O tratamento deve ser realizado com acompanhamento médico especializado
O uso das chamadas “canetas emagrecedoras” tem se popularizado nos últimos anos, impulsionado principalmente pelas redes sociais e pela busca por resultados rápidos no emagrecimento. O crescimento da procura por estes medicamentos acende um alerta entre especialistas sobre os riscos do uso sem acompanhamento médico adequado e sem monitoramento da saúde do paciente.
Desenvolvidos originalmente para o tratamento do diabetes tipo 2 e da obesidade, esses medicamentos atuam no controle do apetite e da glicemia. No entanto, a utilização para fins estéticos tem aumentado a preocupação de profissionais da saúde devido às possíveis complicações associadas ao uso inadequado.
A Dra. Jeruza Brandão Assad (CRM-BA 12317/CREMERJ 52-0134691-I/ RJ), médica especializada em Endocrinologia e Metabologia e parceira do IHEF, explica que o tratamento exige acompanhamento médico prévio. “É um tratamento metabólico, com critérios, riscos e titulação. Trata-se de modificações em estilo de vida à longo prazo, em atividades físicas de rotina, em mudanças comportamentais pertinentes a uma vida mais saudável, em desenvolvimento de estratégias para que não haja reganho de peso. O acompanhamento médico é essencial para um tratamento eficaz e sem riscos”, destaca.

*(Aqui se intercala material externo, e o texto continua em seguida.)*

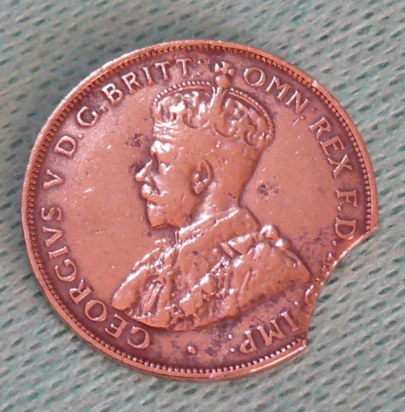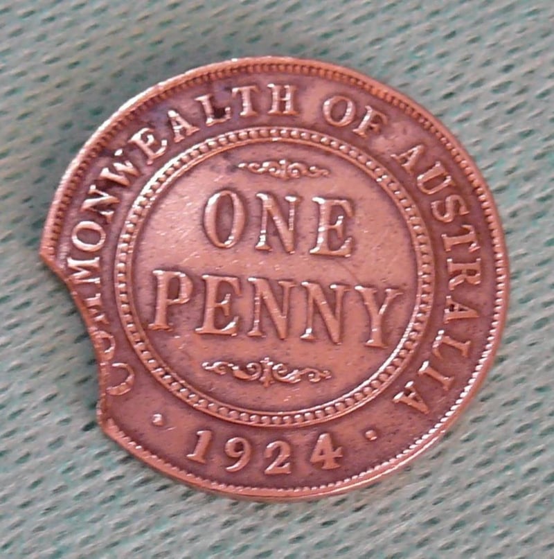 ERROR 1924 KGV, CLIPPED AUSTRALIAN PENNY IN PROTECTIVE 2X2 488437+18
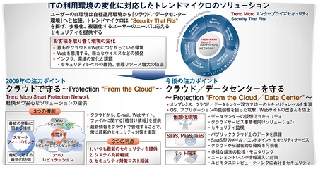 複雑化、多様化する顧客のIT環境のセキュリティニーズに応えるため、トレンドマイクロでは三つのソリューションを戦略的製品と位置付け、市場の拡大を進めている。クラウド、物理マシン、仮想化の混在環境に対して均一のセキュリティポリシーを適用するソリューション「Trend Micro Deep Security」は、仮想化技術の普及が進む北米を中心に大手企業のミッションクリティカルシステムおよびデータセンターでの大規模利用の多数実績をもち、今年3月に日本でも満を持して出荷開始となった。また、企業内ネットワークでプログラムの振舞いを監視し、潜在的なマルウェアを検出するサービス「Trend Micro Threat Management Solution」は、中国やアジアに進出している日系企業を中心に販売実績を伸ばしている。このほか、企業内システムからの機密情報漏えいを防止する「Trend Micro Data Loss Prevention」はヨーロッパやアジア圏での実績もさることながら、国内でも成長している製品だ。

Diante deste cenário, a realização de exames assume o papel essencial para garantir segurança durante todo o processo, especialmente, os exames de imagem que ajudam a mapear riscos e investigar sintomas durante o tratamento. Exames como ultrassonografia abdominal, tomografia computadorizada e ressonância magnética permitem avaliar órgãos diretamente relacionados ao metabolismo e identificar precocemente alterações que possam indicar complicações.
“Estes exames não são protocolares para o tratamento, mas ajudam a detectar cálculos na vesícula ou sinais de doença biliar, avaliar esteatose hepática e alterações hepatobiliares e a investigar causas de dor abdominal”, explica a especialista.
Riscos
Entre os principais riscos associados ao uso inadequado das canetas emagrecedoras está a pancreatite, uma inflamação do pâncreas que pode provocar dor abdominal intensa, náuseas e necessidade de atendimento hospitalar. Os exames de imagem são fundamentais tanto para confirmar o diagnóstico quanto para avaliar a gravidade do quadro e orientar o tratamento adequado.

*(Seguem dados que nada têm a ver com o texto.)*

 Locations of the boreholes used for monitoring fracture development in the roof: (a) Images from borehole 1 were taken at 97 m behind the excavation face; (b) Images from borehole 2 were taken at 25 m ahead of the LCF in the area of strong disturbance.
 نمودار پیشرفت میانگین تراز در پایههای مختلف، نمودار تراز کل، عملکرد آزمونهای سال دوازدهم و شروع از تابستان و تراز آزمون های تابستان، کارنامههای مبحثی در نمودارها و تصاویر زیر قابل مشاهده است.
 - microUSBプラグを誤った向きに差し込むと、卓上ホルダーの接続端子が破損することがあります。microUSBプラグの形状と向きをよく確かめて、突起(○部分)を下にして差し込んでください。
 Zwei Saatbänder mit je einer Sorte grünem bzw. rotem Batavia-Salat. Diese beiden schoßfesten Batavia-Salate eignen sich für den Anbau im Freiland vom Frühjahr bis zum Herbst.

Além disso, a rápida perda de peso pode favorecer o surgimento de cálculos biliares, condição que também pode ser identificada antes mesmo do aparecimento de sintomas mais graves.

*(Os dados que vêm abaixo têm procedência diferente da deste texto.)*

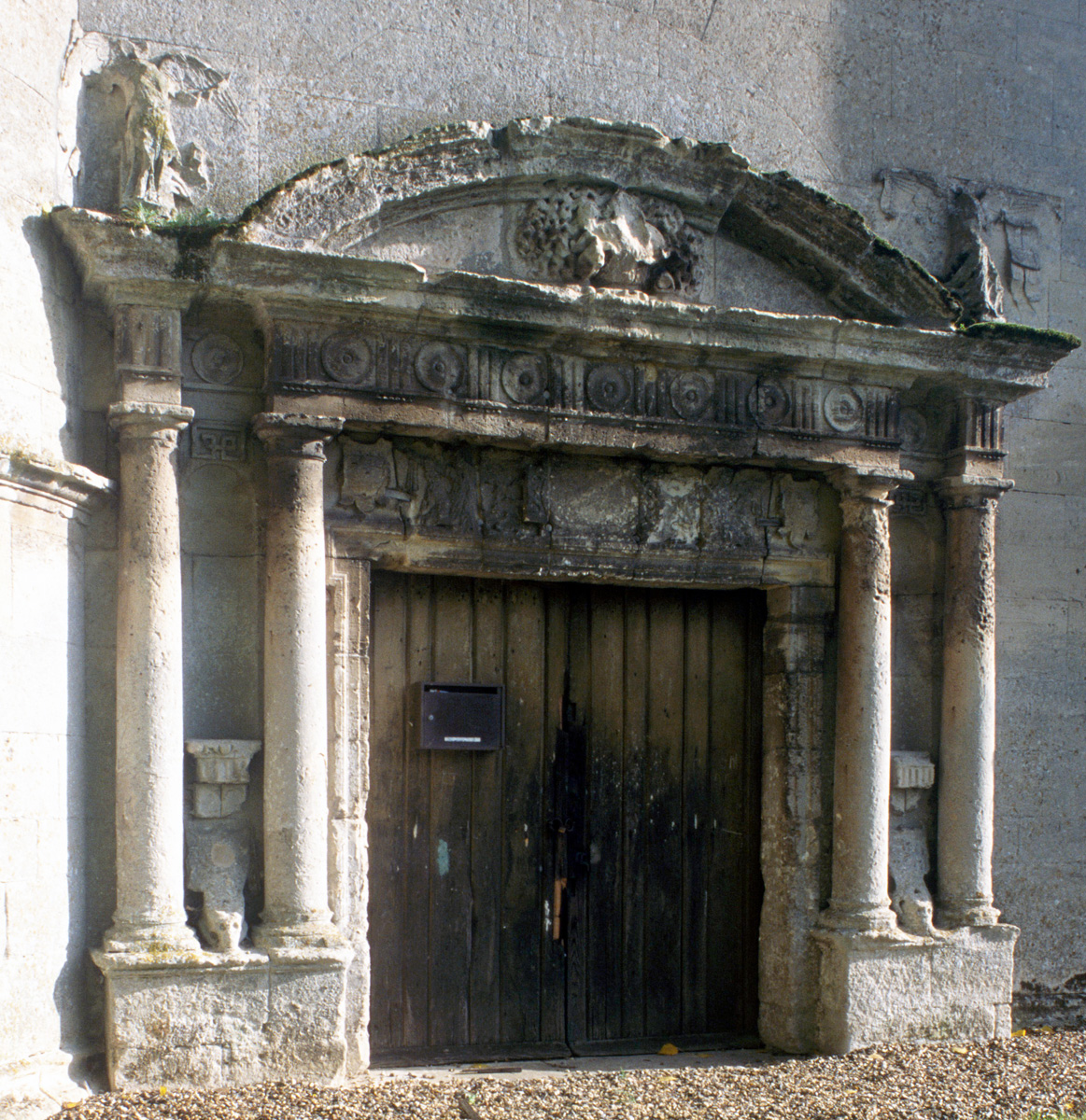L’extérieur vaut principalement pour la façade, avec son mur pignon très aigu et son original lanternon. Le portail associe, en une belle composition, deux double colonnes couronnées de chapiteaux doriques et supportant un entablement orné de six rosaces que couronne un fronton courbe encadré par deux anges. Comme à l’intérieur, certains éléments du décor sont malheureusement bûchés ou abimés.

A especialista alerta para os sinais clínicos que indicam a necessidade de realizar uma investigação para evitar complicações. “Em casos de dor abdominal intensa e persistente, vômitos, dificuldade para ingerir líquidos, febre, urina escura e icterícia (pele e/ou olhos amarelados) é recomendado a avaliação imediata por um profissional especializado”, conclui Dra. Jeruza Brandão Assad.